Clinical Development and Future Plans
To date, VCN-01 has been administered to 142 patients in company- and investigator-sponsored clinical trials across various cancers, including PDAC, head and neck squamous cell carcinoma, ovarian cancer, colorectal cancer, and retinoblastoma. Following the completion of the VIRAGE study, Theriva plans to request another meeting with the FDA to discuss the details of the proposed confirmatory Phase 3 study protocol.
Management Perspective
"The FDA’s advice on key elements of a potential confirmatory Phase 3 study evaluating VCN-01 plus gemcitabine/nab-paclitaxel as a first-line treatment for metastatic PDAC patients is critical as the VIRAGE study has entered final patient follow-up and we are actively planning the next steps in VCN-01 development," said Steven A. Shallcross, Chief Executive Officer of Theriva Biologics. "The feedback from the FDA and European regulatory agencies will facilitate the design of a Phase 3 study protocol that is expected to maximize our ability to provide a new therapeutic option to patients suffering this terrible disease."
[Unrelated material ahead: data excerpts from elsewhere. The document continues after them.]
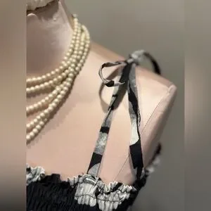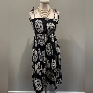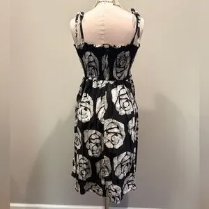 NWT Global Mamas Black/Navy and White Smocked Floral Dress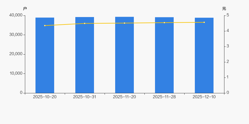 2025年10月20日至今,公司股东户数有所下降,区间跌幅为0.18%。2025年10月20日至2025年12月10日区间股价上涨4.83%。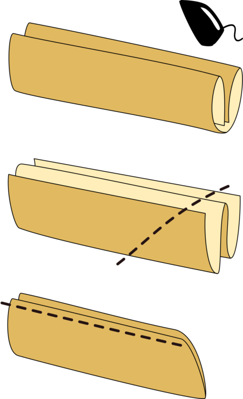 • Replier à nouveau la bande comme du biais et la surpiquer ainsi.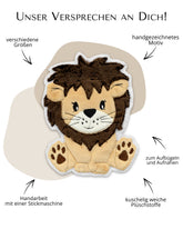 Wenn du die Applikation mit Bügelfolie erworben hast, kannst du den Filzrand bei Bedarf vorsichtig zurückschneiden und die Applikation aufbügeln (achte darauf, nicht in die äußere Plüschnaht zu schneiden). Komplett weg wirst du den Rand aber nicht bekommen.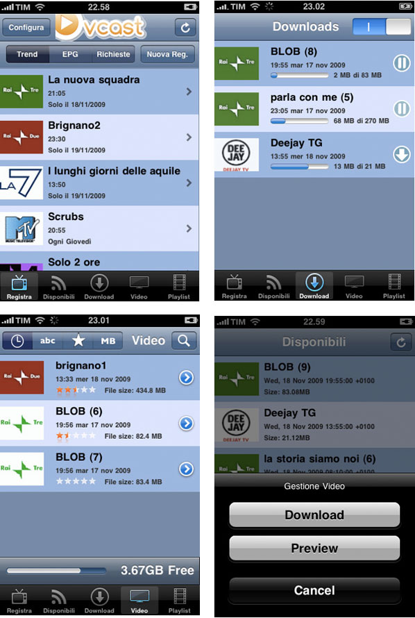 Un programma gratuito che permette di registrare e vedere la TV digitale su iPhone e touch, il tutto riducendo al minimo l’impiego del collegamento dati. Sfruttando le guie e le programmazioni elettroniche EPG l’utente può scegliere la trasmissione da registrare, scegliendo tra i canali in chiaro della TV digitale terrestre italiana. Per la registrazione dei video il software si appoggia sul servizio sperimentale Vcast: occorre creare un account gratuito sul Web.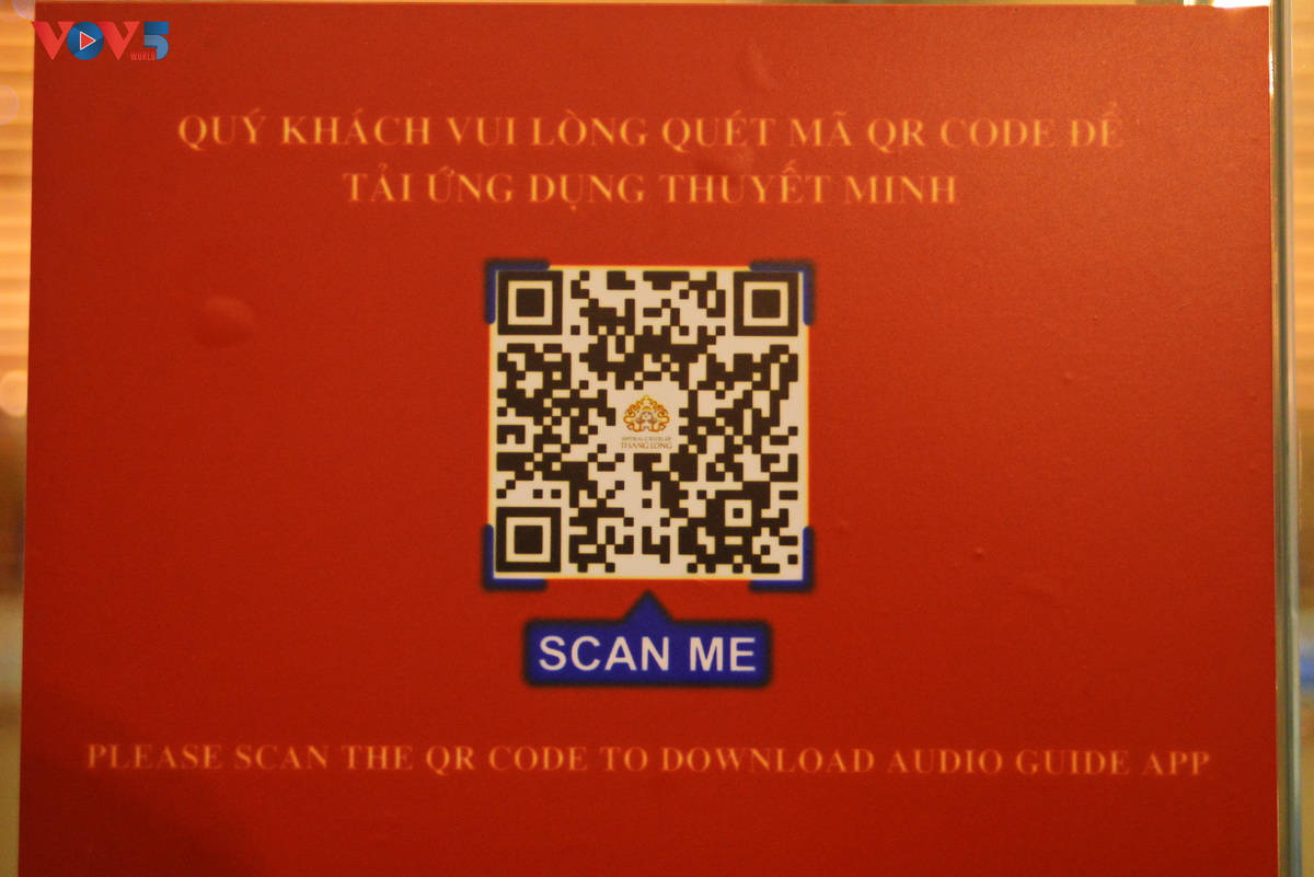 | Bảng hướng dẫn sử dụng ứng dụng thông minh quét mã QR viết bằng tiếng Việt và tiếng Anh đặt ở bên mô hình thu nhỏ khu di tích Hoàng Thành Thăng Long. |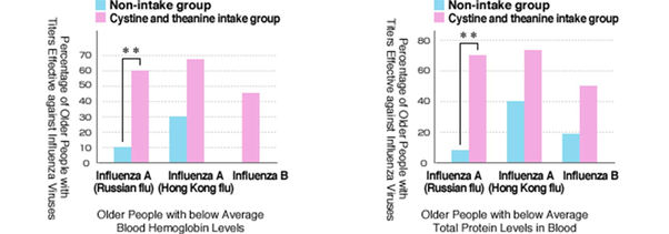 나이가 들어감에 따라 면역 체계도 약해지고 감기나 여러 질병에 걸릴 가능성이 더 높아진다. 고령자는 신체의 면역 반응이 낮기 때문에 독감 예방 접종을 하더라도 충분히 보호 받지 못하는 경우도 생긴다. 독감 예방 주사를 맞은 요양원 입소 노인 그룹의 면역 반응에 대한 시스틴(Cystine)과 테아닌(Theanine, 녹차에서 발견되는 아미노산으로 L-Glutamic acid의 γ-ethylamide)의 영향을 조사한 연구를 살펴보자.
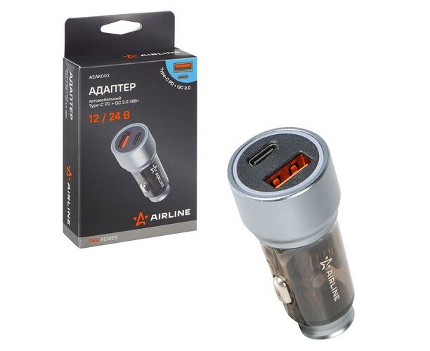 Адаптер автомобильный Type-C PD + QC 3.0 38Вт, 12/24В PRO (AEAK003)

Pancreatic Cancer Landscape
Pancreatic ductal adenocarcinoma (PDAC) accounts for over 90% of all pancreatic tumors. It is often diagnosed in late stages due to the lack of characteristic symptoms in early stages, making surgical resection and curative treatment challenging. Only 10% of cases are resectable at presentation, while 50-60% present with distant metastases.